In 1932, Pollock (1912-1956) wrote to his father, "Sculptoring I think is my medium. I'll never be satisfied until I am able to mould a mountain of stone, with the aid of a jack hammer, to fit my will." While he created approximately 12 sculptures during his career (of which 6 are extant), sculpture preoccupied the artist throughout his life.
He started studying sculpture when he took a clay modeling class in high school. When he moved to New York in 1930, he continued his sculpture studies under Ahron Ben-Shmuel where he practiced direct carving.
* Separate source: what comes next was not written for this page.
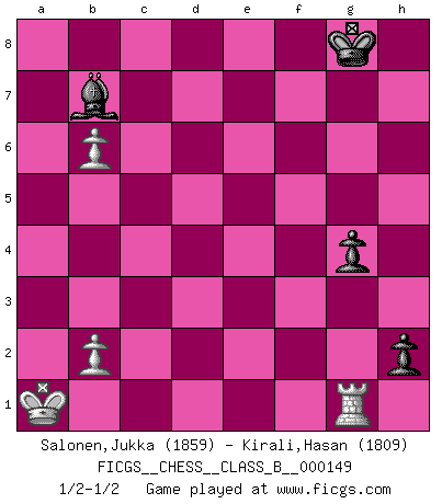 Last move : 1/2-1/2 2012 January 28 9:2:7 [Event "FICGS__CHESS__CLASS_B__000149"] [Site "FICGS"] [Date "2011.06.29"] [Round "1"] [White "Salonen,Jukka"] [Black "Kirali,Hasan"] [Result "1/2-1/2"] [WhiteElo "1859"] [BlackElo "1809"] 1.Nf3 d5 2.d4 Nf6 3.c4 e6 4.Nc3 Be7 5.Qc2 O-O 6.Bg5 Nbd7 7.e3 c5 8.O-O-O dxc4 9.Bxc4 Qa5 10.dxc5 Qxc5 11.Bd3 h6 12.Bh4 b6 13.Bb5 a6 14.Bxd7 Nxd7 15.Bxe7 Qxe7 16.Qd3 Nf6 17.Qd6 Qa7 18.Kb1 Bb7 19.Qf4 Rac8 20.Ne5 b5 21.f3 Qb8 22.Nd3 Qxf4 23.Nxf4 b4 24.Na4 e5 25.Nd3 e4 26.Nac5 Ba8 27.fxe4 a5 28.e5 Ng4 29.e4 Nxe5 30.Nxe5 Rxc5 31.Nd7 Bxe4+ 32.Ka1 Rc2 33.Nxf8 Kxf8 34.Rhe1 f5 35.g4 Rxh2 36.gxf5 Bxf5 37.Re5 Rf2 38.Rxa5 h5 39.Ra7 Kg8 40.Rg1 Bg4 41.a3 Rf4 42.Ra4 h4 43.Rh1 h3 44.Rxb4 Rxb4 45.axb4 Bc8 46.b5 g5 47.b6 g4 48.Rc1 Bb7 49.Rg1 h2 1/2-1/2 Reti Opening Kingside Castling by player Black (move 5) Queenside Castling by player White (move 8) 10 pieces endgame at move 44 : White KRRPP , Black KRBPP WHITE : King + 2 Rooks 2 Pawns BLACK : King + 1 Rook 1 Bishop 2 Pawns 9 pieces endgame at move 44 : White KRPP , Black KRBPP WHITE : King + 1 Rook 2 Pawns BLACK : King + 1 Rook 1 Bishop 2 Pawns 8 pieces endgame at move 45 : White KRPP , Black KBPP WHITE : King + 1 Rook 2 Pawns BLACK : King + 1 Bishop 2 Pawns This chess game ended in a draw. Follow this game move after move (download)It was clear to me that the vulnerable point of the American Grandmaster (Bobby Fischer) was in double-edged, hanging, irrational positions, where he often failed to find a win even in a won position. (Efim Geller) Es ist wirklich schade, dass so viele Schachspieler nicht auf ihr Äußeres achten! (Alexandra Kosteniuk) Coloca el contenido del tablero de Ajedrez en un sombrero, agita las piezas vigorosamente, derrámalas en el tablero desde una altura de medio metro y así obtienes el estilo de Wilhelm Steinitz. (H. E. Bird) Les échecs c'est le défi de l'alpiniste, toujours plus haut, prêt à tout pour monter à l'assaut du Roi ennemi. Les échecs, c'est de la musique en mouvement, un ballet majestueux pour les yeux. C'est de la poésie composée par les fantômes du passé qui au même titre que Rimbaud ou Verlaine méritent notre admiration. Les échecs, c'est de la peinture ou le moindre mouvement modifie le tableau pour en faire un Picasso ou un Van Gogh. Les échecs, c'est tout et rien, c'est la vie et la mort. Jjulie33 sur le forum de France-Echecs. To err is human, but to really foul things up requires a computer. (Farmer's Almanac, 1978)

He also studied under the modernist figural sculptor Robert Laurent at the Arts Students League.
He turned to sculpture during times of personal crisis: in 1932-33, when his father was dying, when he became uncomfortably famous in 1949, and when he returned to drinking alcohol in 1951.
The present work dates from when he was receiving treatment for alcoholism and a nervous breakdown at New York Hospital's psychiatric hospital from June through September 1938. It was a difficult time for the artist and he allegedly resisted therapy and resented being there. He also created one other copper plate during this time, which is held by held by the Addison Gallery of American Art, Andover, Massachusetts. The composition of the current work is based loosely on Michelangelo's Creation of Man in the Sistine Chapel, the figure sitting with one fist clenched at his thigh atop an equine whose stick-like legs and head jut out from underneath him. Pollock had seen photographs of the frescoes and sketchbooks from this time (held at the Metropolitan Museum of Art, New York) show Pollock's interest in how the Italian artist rendered the body. O'Connor, the co-editor of his catalogue raisonné and who held the present work in his collection for over 40 years, wrote of this sculpture, "Just as I have discovered that frontality in self-portraiture usually signals moments of transition when it is necessary to face up to the self, sculpture has a way, for the male at least, of supplying three-dimensional evidence of fitness—of conceiving something as tangible as one's own person when the normally engendering self-image has fallen into eclipse."
Pollock took a long break from sculpture in the 1940s, after which he became one of the most prominent Abstract Expressionist artists in America. It wasn't until he and his wife, the artist Lee Krasner, moved to the Springs, East Hampton, Long Island, in 1945 that he had the space to again take up sculpting. He started creating sculptures out of found objects on the beach (including natural objects such as twigs and sand), and many of these ephemeral sculptures are now lost. Sculpture also preoccupied him in the time leading up to his death—he was working with the artist Tony Smith (1912-1980) on three-dimensional works in July 1956, another difficult time that included a creative block, alcoholism and depression, shortly before his fatal car accident.